We’ll have to wait and see how this shows up, but in particular we think it could be useful on the Apple Watch.

Coloring titanium for device housings

Apple may be looking into using a new material for upcoming devices — titanium. According to a fresh patent, Apple could look to using an oxide coating to color titanium, and that coloring method could be used on devices like the iPhone, Apple Watch, and even the MacBook series of computers.

The reason to use titanium, according to the patent, is that it’s pretty strong and resistant to corrosion, plus it’s pretty lightweight — making it perfect for consumer electronic devices. Only issue? It’s hard to color it with a consistent coating that’s also resistant to abrasion. Apple appears to solve that in the latest patent, with the use of different alloys — like an aluminum alloy over the titanium.

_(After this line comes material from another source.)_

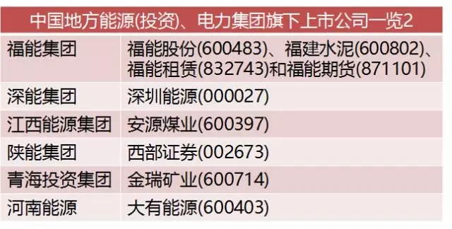 皖能集團旗下上市公司為皖能電力(000543),浙能集團擁有2家上市公司,分別為浙能電力(600023)和寧波海運(600798),湖北能源集團擁有1家上市公司,為湖北能源(000883),福能集團擁有4家上市公司,分別為福能股份(600483)、福建水泥(600802)、福能租賃(832743)和福能期貨(871101),深能集團擁有1家上市公司,為深圳能源(000027),江西省能源集團擁有1家上市公司,為安源煤業(yè)(600397),陜能集團是西部證券(002673)的實際控制人,青海省投資集團旗下上市公司有金瑞礦業(yè)(600714),河南能源旗下的上市公司有1家,為大有能源(600403)。

Using enzymes to make a phone more waterproof

It looks like Apple also wants to make its devices a little more watch-resistant. How? By using enzymes. According to another new patent, the company wants to use enzymes to keep polymer structures that make devices waterproof from degrading, thanks to exposure to things like fatty acids. Those fatty acids are really just a fact of life — they exist in human sweat and skin oils, and can degrade the gaskets and structures that keep a device like the iPhone protected against water.

Of course, as is always the case, there’s no guarantee that Apple will end up using any of these patents — but the fact remains that the company clearly is looking into ways to make its devices even better than they already are.